Koniec miesiąca coraz bliżej, a o tylu wspaniałych i ciekawych książkach chciałabym Wam jeszcze opowiedzieć. Jedną z nich są „Drzwi o trzech zamkach” autorstwa Sonii Fernandez-Vidal. Akurat ta pozycja skierowana jest do młodszych czytelników, ale myślę, że starszym również może się ona spodobać. Przy okazji też dodam, że porusza ona zagadnienia związane z fizyką. 

Okładka książki pt.: „Drzwi o trzech zamkach"

Jest to historia o chłopcu imieniem Niko, który podczas drogi do szkoły widzi tajemniczy dom z trzema zamkami.

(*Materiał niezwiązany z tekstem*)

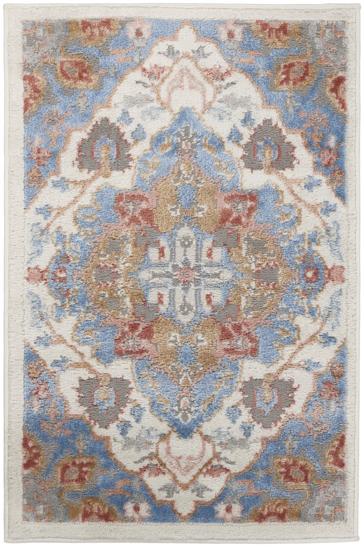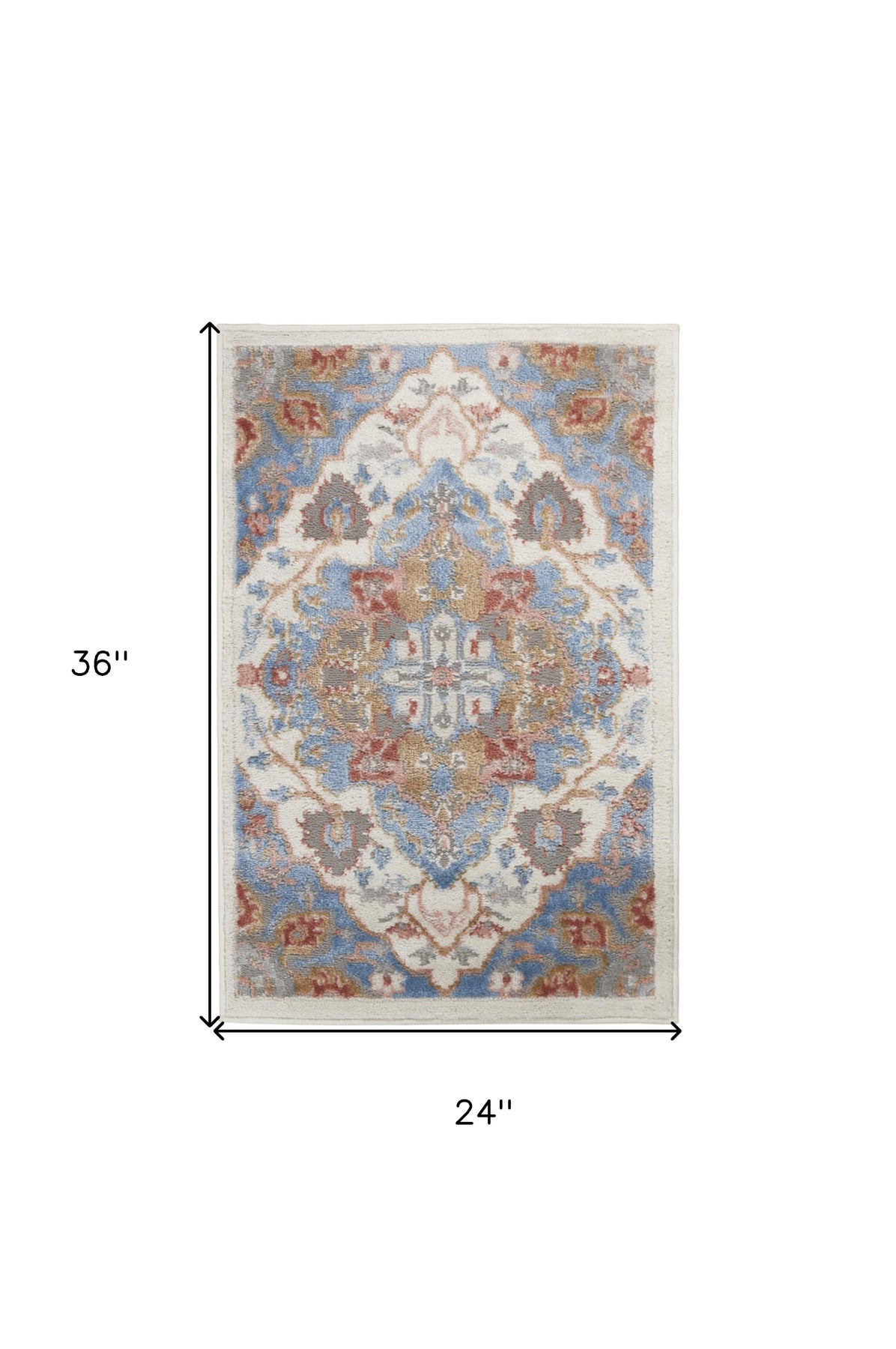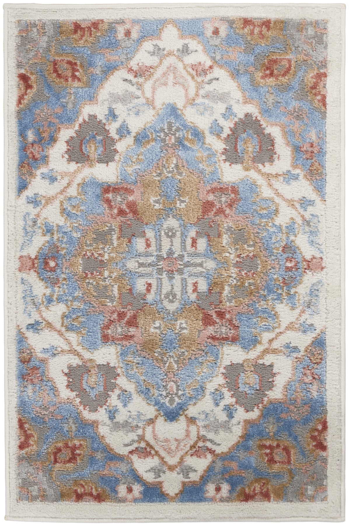 Add some artistry to your room with this 2-foot x 3-foot ivory blue and orange floral non skid area rug. Ideal for spaces with kids and pets, this rug is stain resistant to help repel dirt and spilled liquids. Built to last, this rug crafted from polypropylene fibers is known for its durability and long lasting appeal. Rugs are a great way to showcase your style, hide imperfections, warm your home and reduce noise. This smaller sized, transitional styled rug is just what you need for your walkway, bedside, in front of door, cabinet, refrigerator, or chair. 24-inch h x 36-inch w x 0.25-inch d
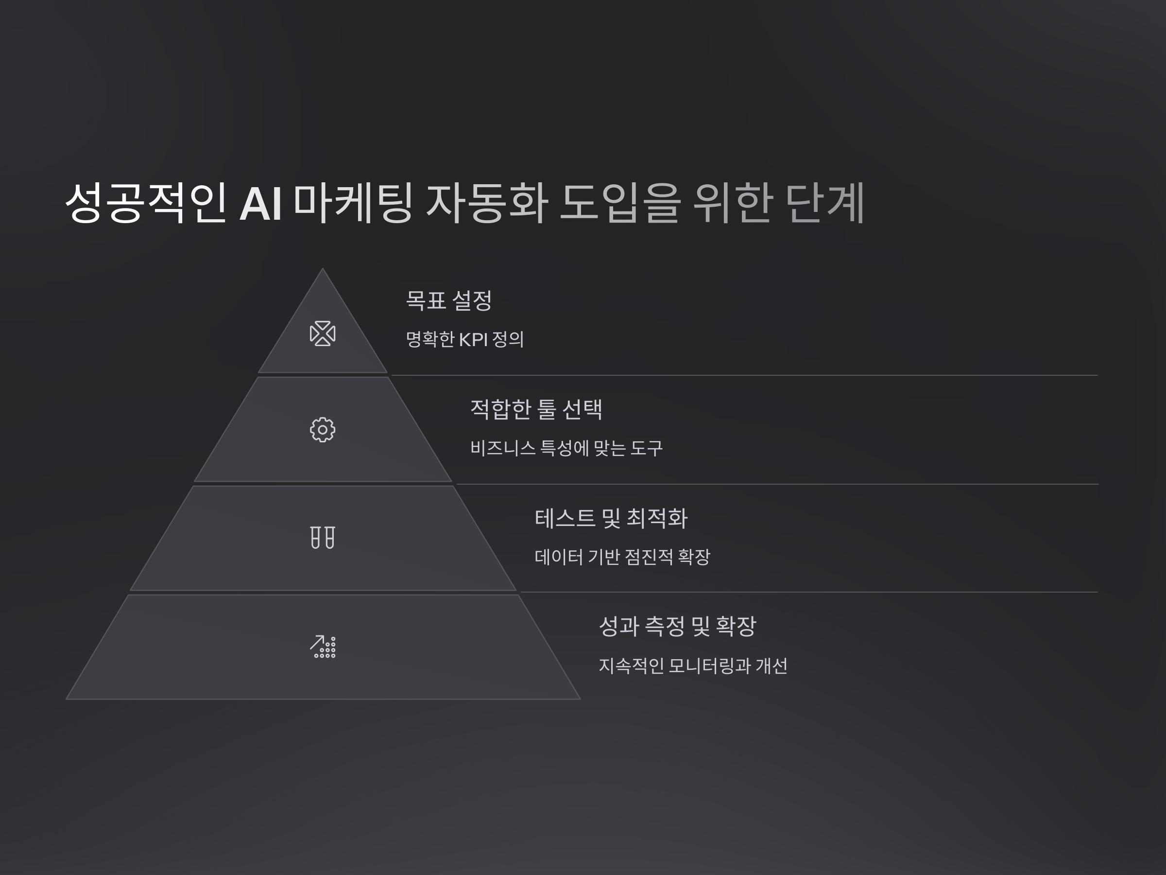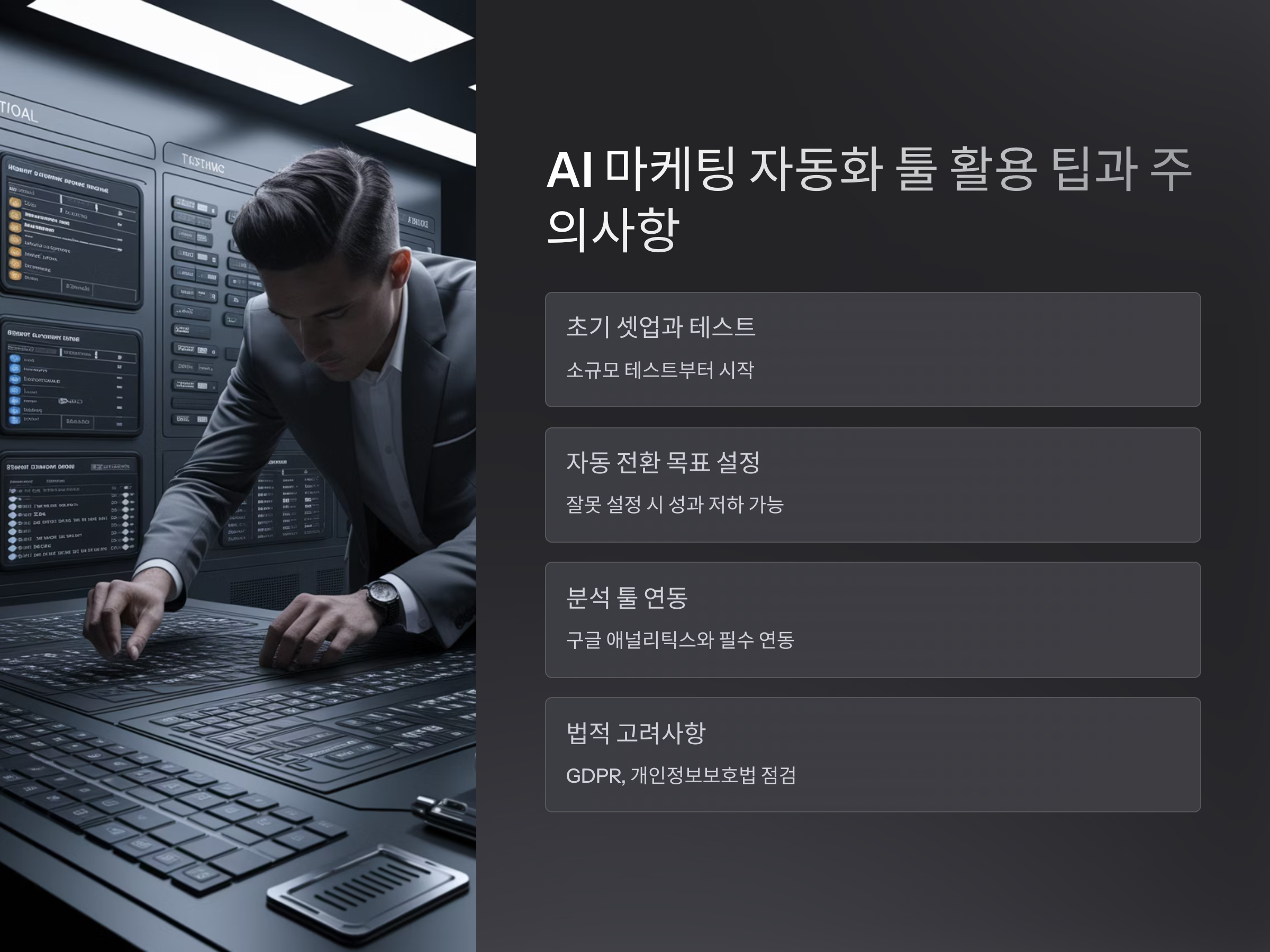 툴의 도입보다 더 중요한 것은 초기 셋업과 테스트입니다. 예를 들어 '자동 전환 목표 설정'을 잘못하면 오히려 성과가 저하될 수 있습니다. 반드시 소규모 테스트부터 시작하여 데이터를 바탕으로 점진적 확장을 해야 하며, 구글 애널리틱스와 같은 분석 툴과 연동도 필수입니다. 이외에도 GDPR, 개인정보보호법 등 법적 고려사항도 점검해야 합니다.
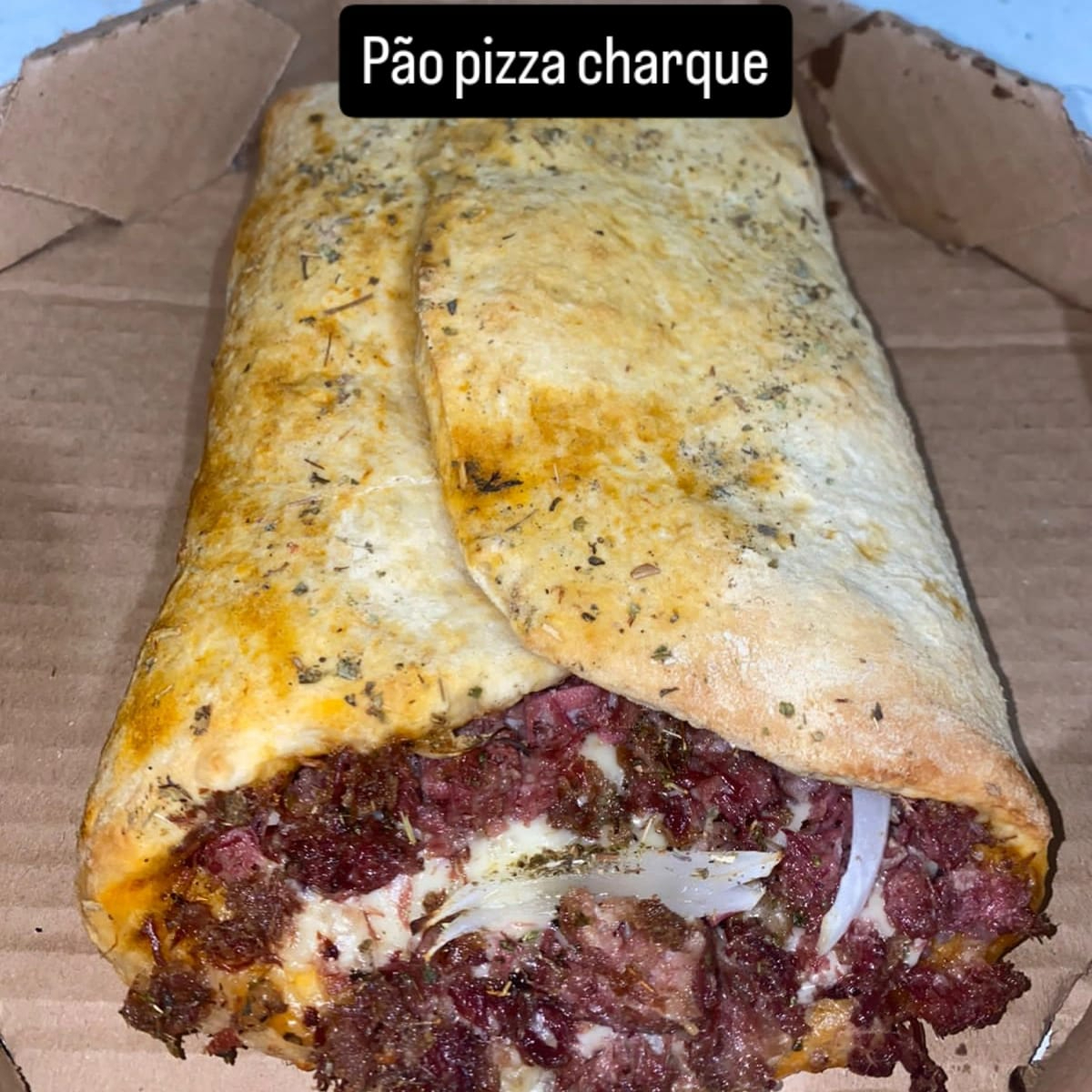 Massa da casa, charque dessalgada e desfiada, molho de tomate, queijo muçarela, cebola e orégano.
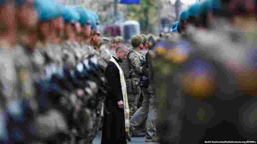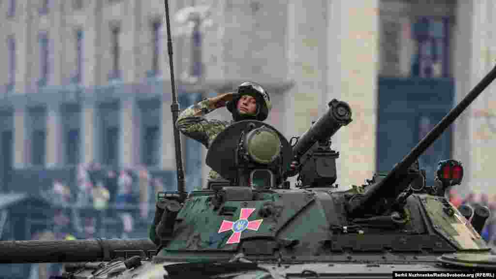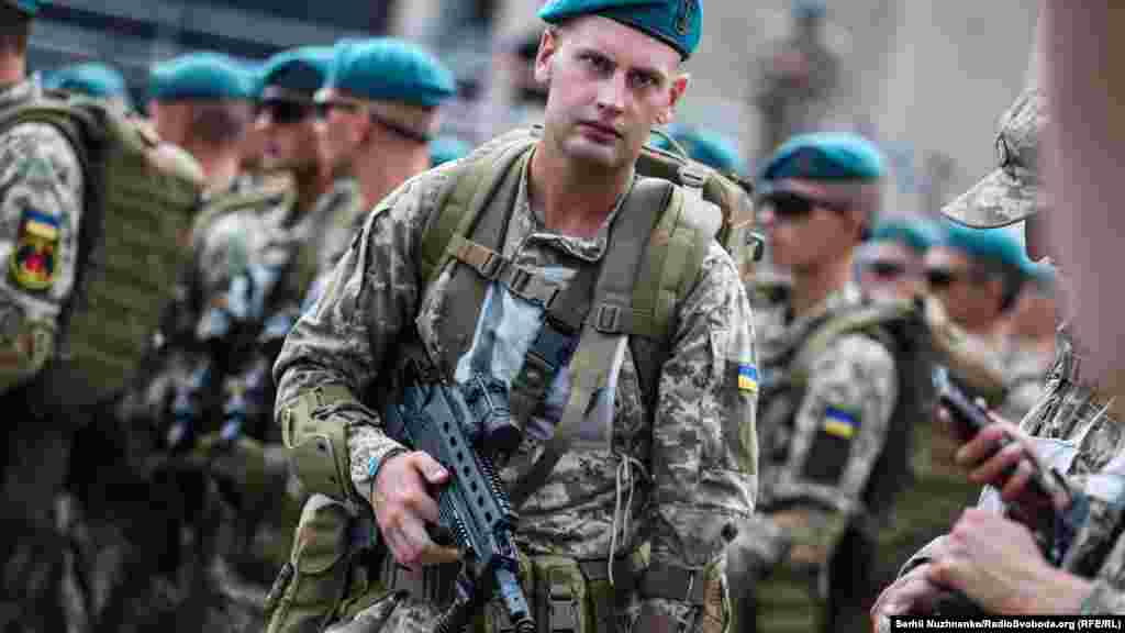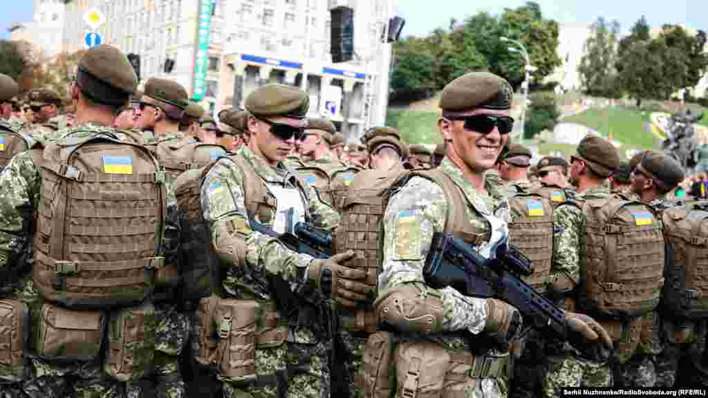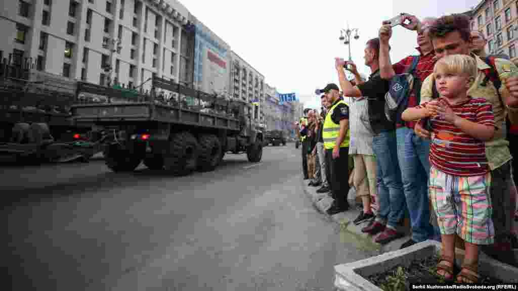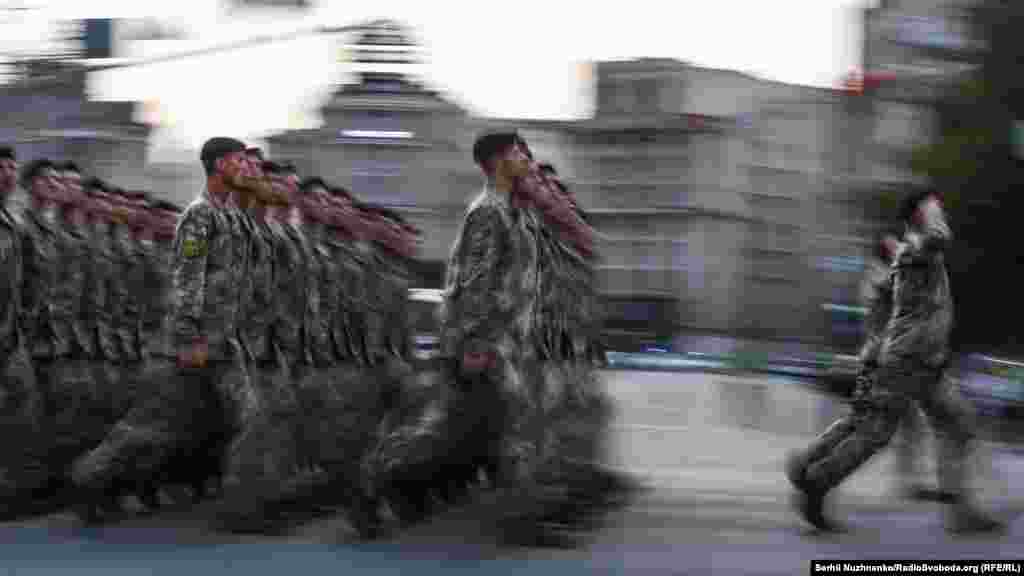 На главной улице украинской столицы – Крещатике – состоялась вечерняя тренировка личного состава, который традиционно привлекают к военному параду ко Дню Независимости Украины. В этом году страна будет праздновать 27-ю годовщину.
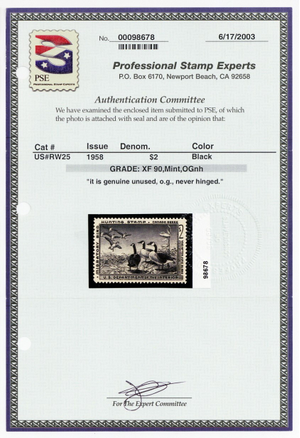 RW25, Mint XF NH $2 Duck Stamp - PSE Graded 90 SMQ $150 * Stuart Katz
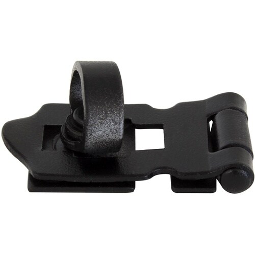 南京錠で施錠できる防犯型です。仕上げがツヤ消しの黒です。物置や倉庫の木製から道具箱までの締め具に使えます。取り付けの際、木部の割れやネジの破損を防ぐためキリで下穴を開けてください。 |
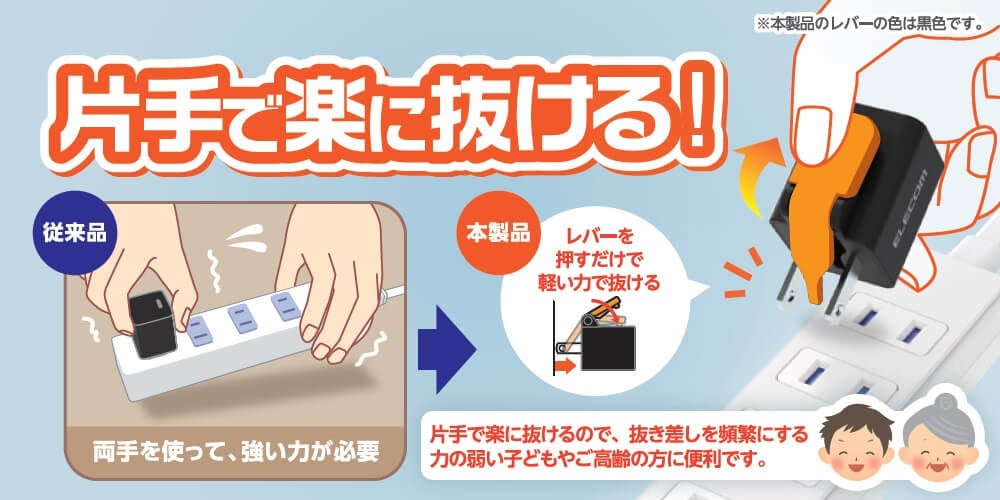 レバーを押すだけで、片手で楽にコンセントやタップから抜くことができるので、力の弱いお子さまやご高齢の方に便利なUSB AC充電器です。スマートフォン等に付属もしくは対応する充電用USBケーブルを使用して充電可能です。

Kiedy wchodzi do środka, okazuje się, że budynek to portal do innego wymiaru. Spotyka on tam elfa Eldwena, wróżkę doktorantkę Quionę oraz Mistrza Zen-O. Podczas przeżywania różnych przygód, dowiaduje się m.in tego, czym jest superpozycja, splątanie czy Bozon-Higgsa. Warto zwrócić uwagę na to, że autorka w swoim tytule umieściła Kota Schrödingera (trochę również przybliżyła teorię tego eksperymentu). Dla mnie jest on jednocześnie ciekawy, straszny i smutny. 

Język opowieści jest dostosowany do młodszego odbiorcy, dzięki czemu całą opowieść czyta się naprawdę łatwo i przyjemnie. Dodatkowo w książce można znaleźć obrazki. Myślę, że jest to wartościowa lektura i warto się z nią zapoznać. Polecam ją z całego serca.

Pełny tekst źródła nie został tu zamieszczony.